* **Your instructions**: Lines before the one containing "文化期青黃玉神祖立像。地方玉" are to be left out; that line and every line after it, through the last line below, are to be reproduced exactly.

>>

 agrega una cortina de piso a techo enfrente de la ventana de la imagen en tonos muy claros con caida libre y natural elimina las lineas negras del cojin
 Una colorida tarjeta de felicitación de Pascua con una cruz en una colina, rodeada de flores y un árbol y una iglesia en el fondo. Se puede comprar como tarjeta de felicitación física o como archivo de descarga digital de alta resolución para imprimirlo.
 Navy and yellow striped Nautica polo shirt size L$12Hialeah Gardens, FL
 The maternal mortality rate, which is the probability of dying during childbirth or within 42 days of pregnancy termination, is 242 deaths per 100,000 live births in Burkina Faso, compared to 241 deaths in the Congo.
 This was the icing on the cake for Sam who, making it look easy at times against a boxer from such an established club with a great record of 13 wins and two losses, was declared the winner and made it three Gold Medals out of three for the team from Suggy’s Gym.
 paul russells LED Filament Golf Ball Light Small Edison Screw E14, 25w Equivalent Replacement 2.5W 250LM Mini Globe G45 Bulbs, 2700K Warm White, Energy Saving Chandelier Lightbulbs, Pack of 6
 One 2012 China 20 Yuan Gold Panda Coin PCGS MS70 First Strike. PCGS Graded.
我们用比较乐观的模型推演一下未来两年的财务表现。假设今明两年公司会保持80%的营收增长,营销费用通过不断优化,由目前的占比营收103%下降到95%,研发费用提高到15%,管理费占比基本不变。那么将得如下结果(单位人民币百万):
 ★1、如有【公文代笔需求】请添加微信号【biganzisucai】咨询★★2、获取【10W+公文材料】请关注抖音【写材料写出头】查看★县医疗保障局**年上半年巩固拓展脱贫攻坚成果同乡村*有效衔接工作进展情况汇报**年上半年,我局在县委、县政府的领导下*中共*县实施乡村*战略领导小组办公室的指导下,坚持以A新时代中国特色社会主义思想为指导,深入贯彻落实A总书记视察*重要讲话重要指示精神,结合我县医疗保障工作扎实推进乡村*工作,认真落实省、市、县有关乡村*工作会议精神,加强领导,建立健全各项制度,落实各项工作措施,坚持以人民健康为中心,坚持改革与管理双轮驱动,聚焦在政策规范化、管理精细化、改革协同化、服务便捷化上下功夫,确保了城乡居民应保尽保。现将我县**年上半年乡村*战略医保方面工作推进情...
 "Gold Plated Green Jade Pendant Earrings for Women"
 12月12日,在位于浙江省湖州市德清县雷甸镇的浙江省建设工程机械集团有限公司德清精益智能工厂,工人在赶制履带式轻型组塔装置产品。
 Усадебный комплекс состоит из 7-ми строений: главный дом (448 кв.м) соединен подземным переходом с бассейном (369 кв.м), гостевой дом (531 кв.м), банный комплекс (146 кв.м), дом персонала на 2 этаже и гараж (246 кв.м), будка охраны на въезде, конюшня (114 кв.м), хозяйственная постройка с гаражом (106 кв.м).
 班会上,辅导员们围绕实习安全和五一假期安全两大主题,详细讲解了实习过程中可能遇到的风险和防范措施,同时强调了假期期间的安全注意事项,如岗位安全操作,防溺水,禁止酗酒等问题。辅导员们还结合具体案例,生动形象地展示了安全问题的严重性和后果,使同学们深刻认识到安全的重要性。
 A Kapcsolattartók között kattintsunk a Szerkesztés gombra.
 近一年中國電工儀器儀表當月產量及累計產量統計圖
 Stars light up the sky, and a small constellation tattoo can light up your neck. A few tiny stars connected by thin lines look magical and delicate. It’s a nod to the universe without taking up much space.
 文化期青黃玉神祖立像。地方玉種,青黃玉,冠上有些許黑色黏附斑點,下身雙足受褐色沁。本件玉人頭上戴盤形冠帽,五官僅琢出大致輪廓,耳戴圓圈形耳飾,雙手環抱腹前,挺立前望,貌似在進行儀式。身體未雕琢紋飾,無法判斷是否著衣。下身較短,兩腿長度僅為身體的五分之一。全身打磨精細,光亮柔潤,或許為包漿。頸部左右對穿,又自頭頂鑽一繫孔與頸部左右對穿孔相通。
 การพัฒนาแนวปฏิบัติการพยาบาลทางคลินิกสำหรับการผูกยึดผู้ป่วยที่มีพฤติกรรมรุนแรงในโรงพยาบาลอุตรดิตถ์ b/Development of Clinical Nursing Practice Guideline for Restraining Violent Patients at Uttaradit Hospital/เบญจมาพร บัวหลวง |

<<

* **Your solution**:
 文化期青黃玉神祖立像。地方玉種,青黃玉,冠上有些許黑色黏附斑點,下身雙足受褐色沁。本件玉人頭上戴盤形冠帽,五官僅琢出大致輪廓,耳戴圓圈形耳飾,雙手環抱腹前,挺立前望,貌似在進行儀式。身體未雕琢紋飾,無法判斷是否著衣。下身較短,兩腿長度僅為身體的五分之一。全身打磨精細,光亮柔潤,或許為包漿。頸部左右對穿,又自頭頂鑽一繫孔與頸部左右對穿孔相通。
 การพัฒนาแนวปฏิบัติการพยาบาลทางคลินิกสำหรับการผูกยึดผู้ป่วยที่มีพฤติกรรมรุนแรงในโรงพยาบาลอุตรดิตถ์ b/Development of Clinical Nursing Practice Guideline for Restraining Violent Patients at Uttaradit Hospital/เบญจมาพร บัวหลวง |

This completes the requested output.